Netflix’s highly anticipated The Harder They Fall puts a new twist on the old West. Written, directed, and scored by Jeymes Samuel, this movie highlights a moment in history and shows that cowboys came in different forms, contrary to popular belief.
The film tells the story of Nat Love (Jonathan Majors), an outlaw hell bent on avenging the death of his parents, who were murdered in cold blood by Rufus Buck (Idris Elba). After Buck was broken out of prison by his gang, The Harder They Fall follows the battle between the two groups led by Love and Buck, along with providing the audience an action-packed journey backed by an amazing soundtrack.

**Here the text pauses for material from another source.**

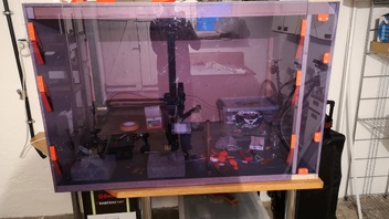 Dann der Anycubic Chiron welcher in einer Umhausung im Keller steht. Material zusätzlich in einer Trockenbox mit Entfeuchtungsperlen.
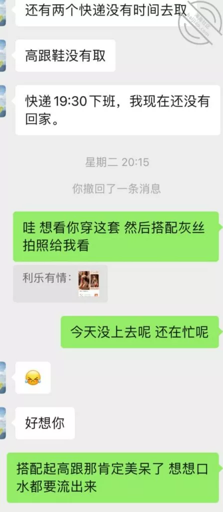 大概第五次结束后有两三天没联系吧,前面给利姐买了情趣高跟海友更多的情趣眼罩丝袜我看了一眼显示到货了,所以督促让她拿一下怕她忘记。

Also starring ESSENCE digital cover star Zazie Beetz, Edi Gathegi, RJ Cyler, Regina King, LaKeith Stanfield, Delroy Lindo, Daniel Deadwyler and Deon Cole, The Harder They Fall premieres on Netflix on November 3.

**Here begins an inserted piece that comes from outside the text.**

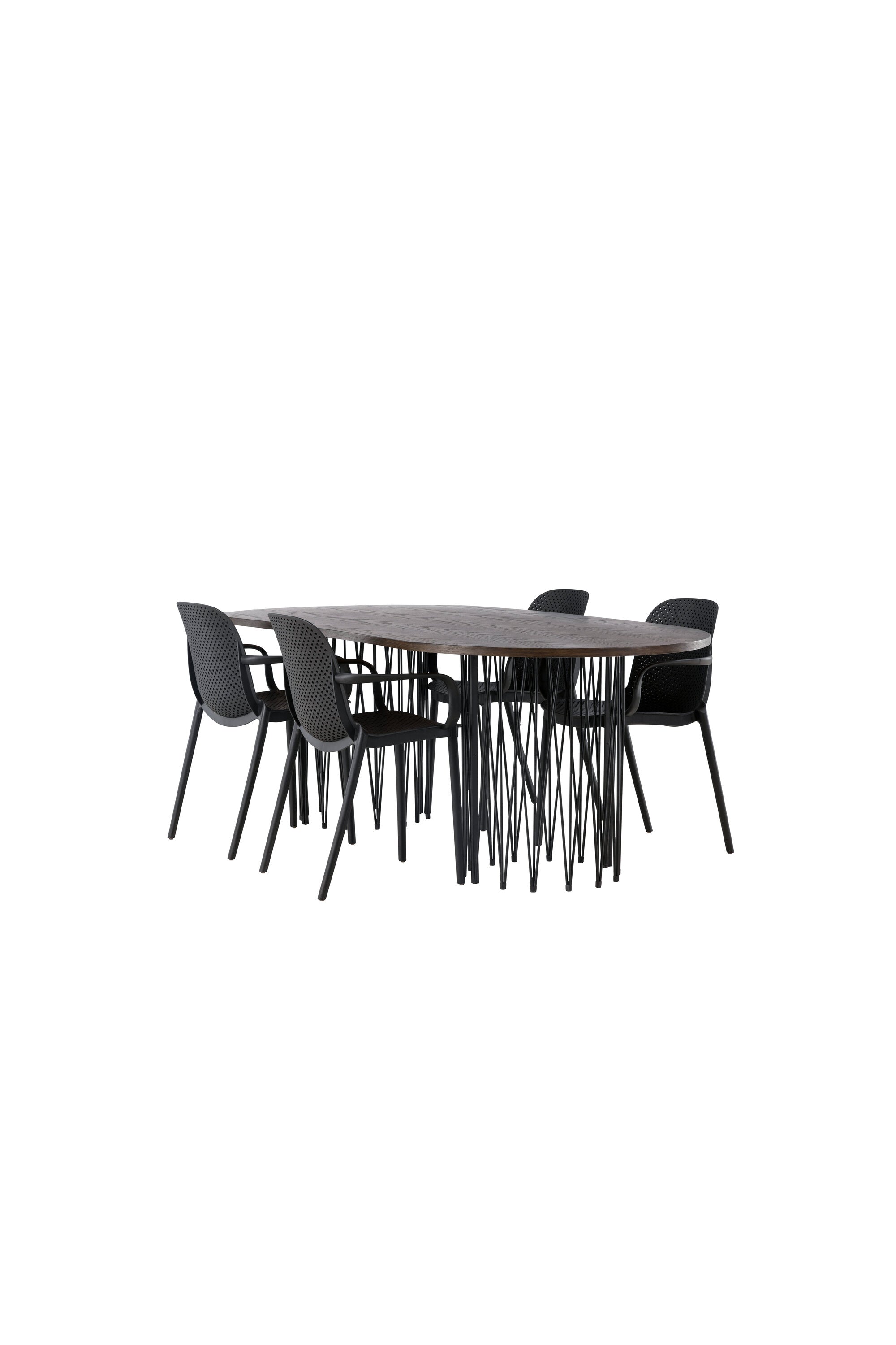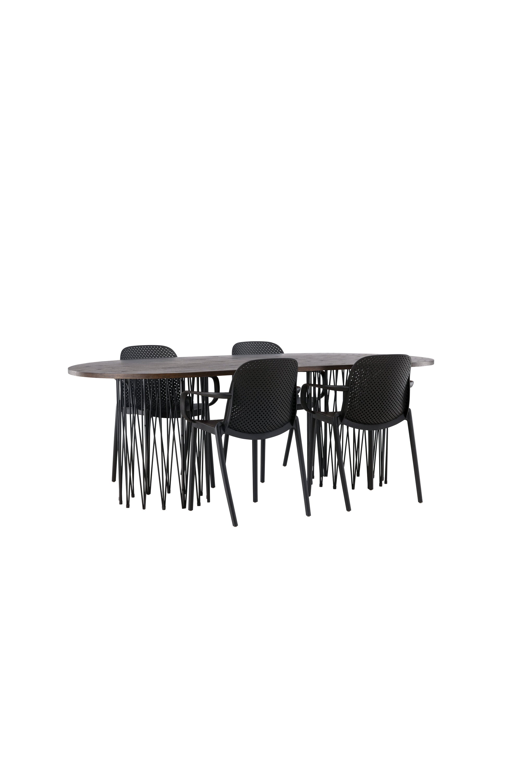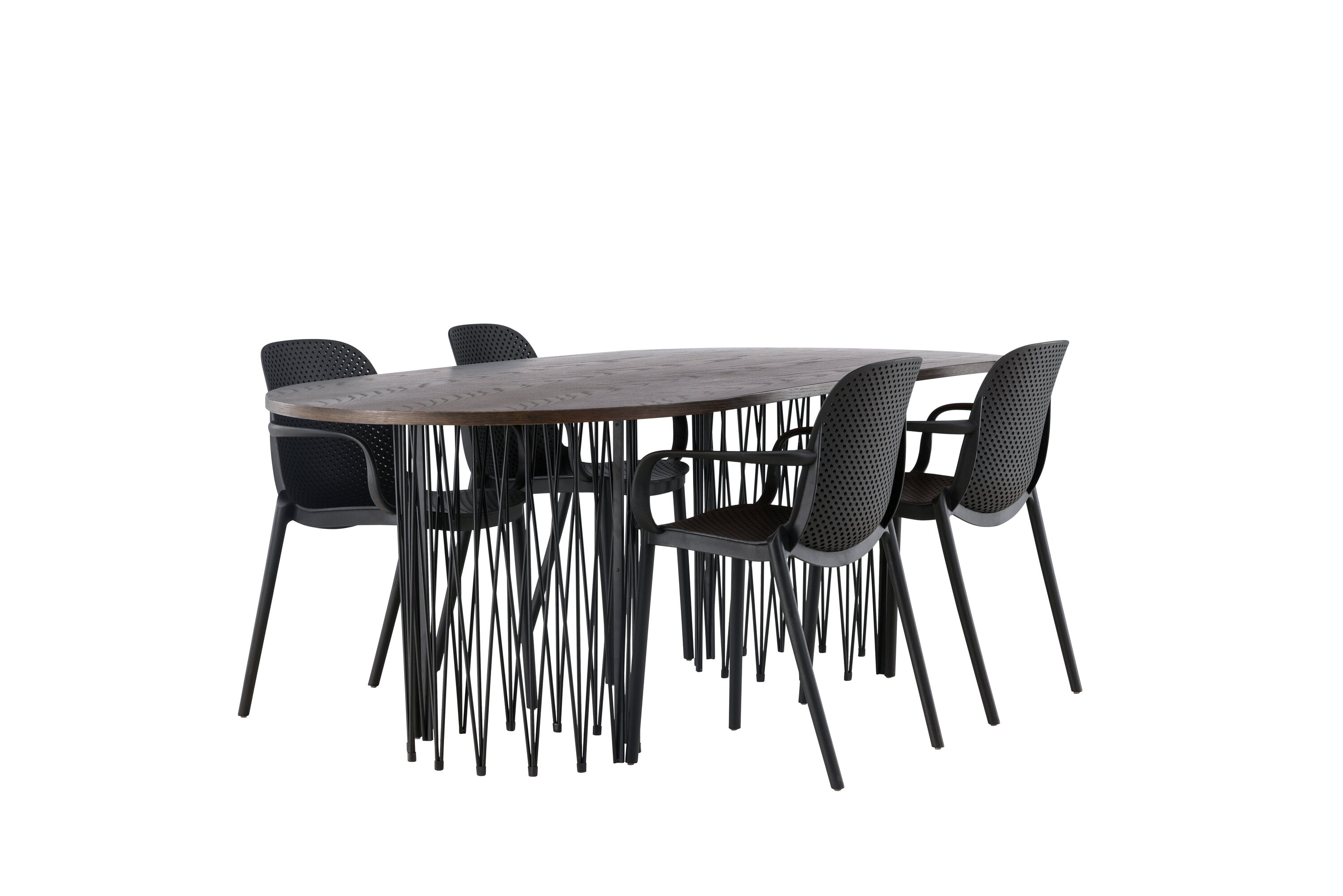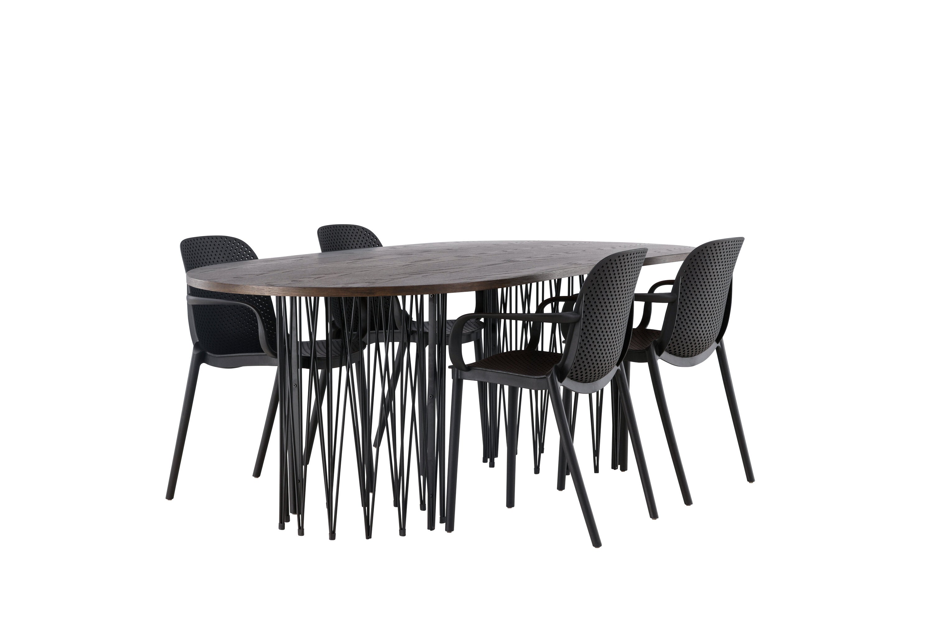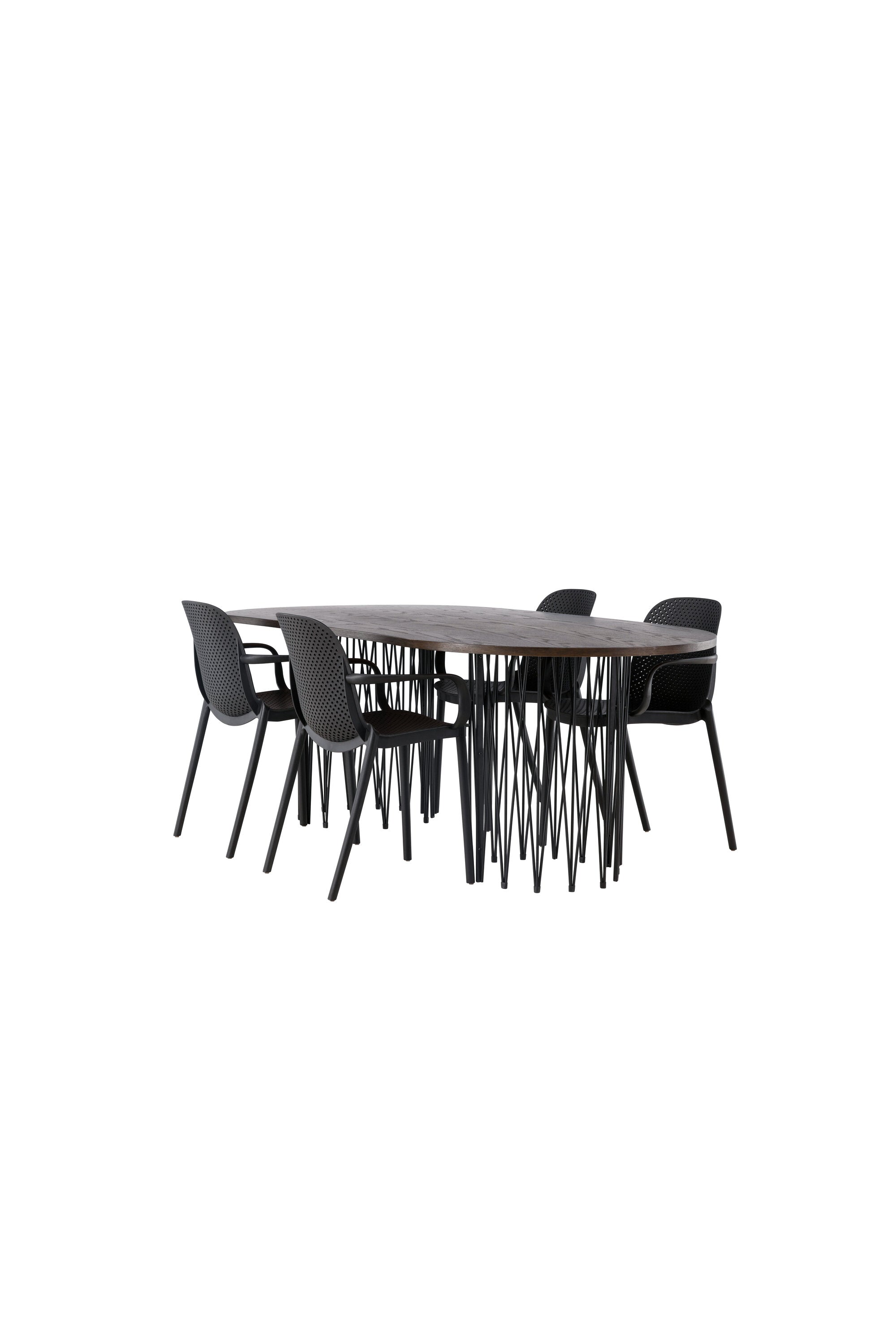 Jídelní skupina v industriálním vzhledu! Náš oválný jídelní stůl Stone zaujme svým módním designem. Stůl má krásnou hnědou desku z MDF s dýhou a dva ozdobné válcové rámy v černém kovu. Zde společně s našimi chytrými jídelními židlemi ze série Baltimore. Židle je vyrobena z černého plastu a design je trendy s rovnými severskými tvary a integrovanými područkami pro extra pohodlí. Odolná jídelní sestava, která obstojí ve zkoušce času! Rozměry stolu: 220x100cm.

While the story told in the all-Black western is entirely fictional, many of its characters were actual figures. Below is a list of the characters as they are depicted in the film — and the actors who play them — along with a short biography of the true historical figure.

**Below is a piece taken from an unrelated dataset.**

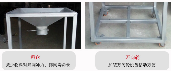 移動式料倉振動篩又叫振動篩料倉一體機底部加裝萬向輪,可360度旋轉(zhuǎn)移動。
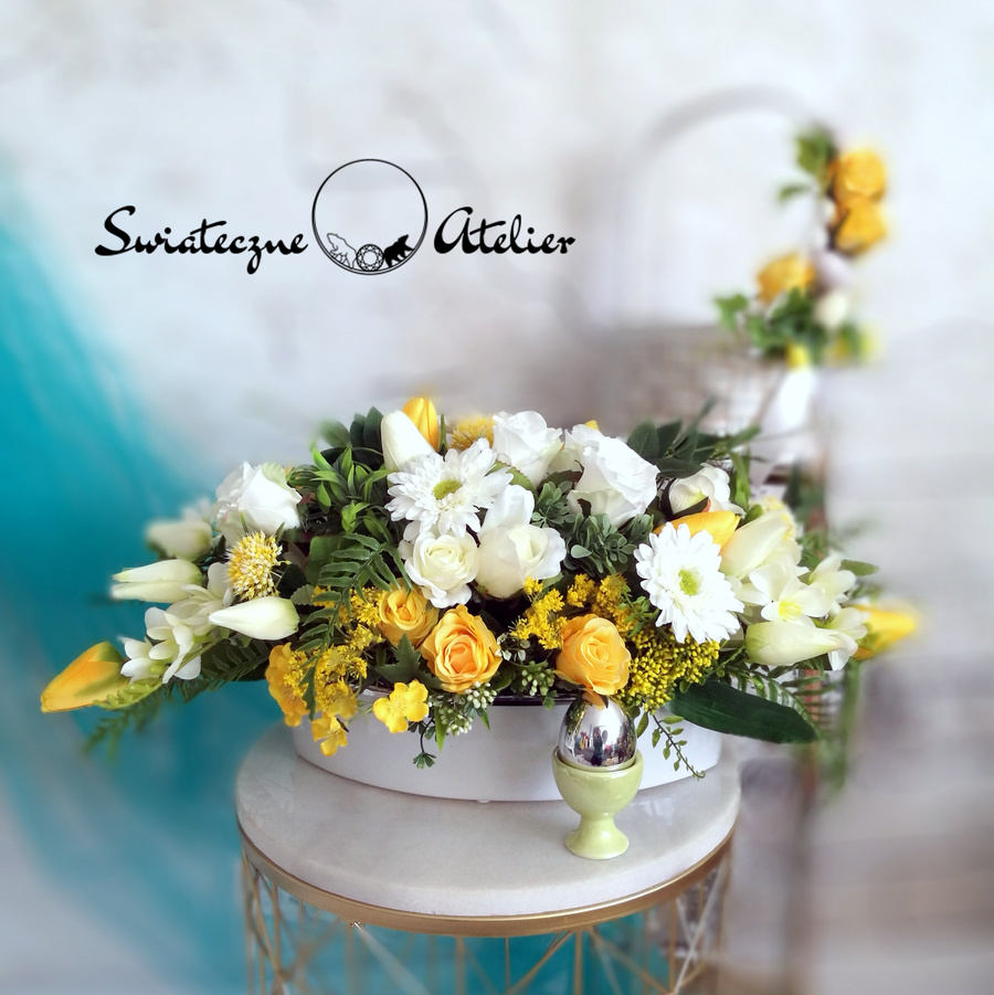 Jeżeli spodobał się Wam nasz Dekoracja kwiatowa Pogodny Poranek nr 673 możemy dla Was przygotować w komplecie inne elementy dekoracyjne, takie jak wianki, stroiki, itp., zgodnie z Waszymi życzeniami. Jeśli znacie lub macie firmy, które potrzebują dla zbudowania eleganckiego wizerunku pięknych dekoracji – typu hotele, restauracje, salony kosmetyczne, gabinety lekarskie, domy weselne, itp., odzywajcie się do nas. Wykonujemy dowolne dekoracje kwiatowe zgodnie ze wskazówkami zleceniodawców, łącząc Wasze pomysły z naszym talentem.

The real Nat Love was born into slavery in 1854. After the Civil War, his family was freed and began working on plantations in and around Davidson County, Tennessee. Nat’s father passed away when he was about 15 years old. During his time in Tennessee, Nat became skilled at cattle punching and raised enough money to go out on his own at the age of 16.
By many historical accounts, Nat was a skilled cowboy. He earned the name “Deadwood Dick” in 1976 after winning $200 in a competition in the Dakota Territory that required contestants to rope, throw, tie bridles, and saddle a horse.
In 1889, Love married his wife Alice and retired from cowboy life. After spending time in Denver as a Pullman porter, he and his family settled in southern California.In 1907, Love published his autobiography, Life and Adventures of Nat Love, Better Known in the Cattle Country as ‘Deadwood Dick,’ by Himself, which added to his legacy as a cowboy. Love died in California at the age of 67 in 1921.
Led by the 18-year-old Rufus Buck(center), the members of the gang included Maoma July, Lucky Davis, Sam Sampson, and Lewis Davis. In 1895, the gang robbed, raped, and murdered; eventually being captured in August of that year. On July 1, 1896, the gang was hanged.
Born Mary Fields in about 1832, “Black Mary,” as she was sometimes referred to, was a slave at birth. In her early years, she worked as groundskeeper at the Ursuline Convent of the Sacred Heart in Toledo, Ohio. She was known for her volatile temper and gun-toting, which eventually led to her being kicked out of the convent.
In 1895, she earned a contract from the postal service as a route carrier. Her job was to protect the mail from thieves and deliver the mail, regardless of weather conditions. She was the second woman—and first African American woman—to have that occupation. Mary retired in 1904 and died 11 years later at the age of 82.
Born to slave parents in 1838 in Arkansas, Bass Reeves was a member of the Confederate Army during the Civil War. After being freed in 1863, he married a woman named Nellie Jennie and started a large family. By several accounts, Reeves served as a guide for U.S. marshals going into the Indian Territory.
He was appointed a U.S. deputy marshal in 1875, and arrested over 3,000 criminals, killing 14 outlaws in the process. He died in 1910 from nephritis.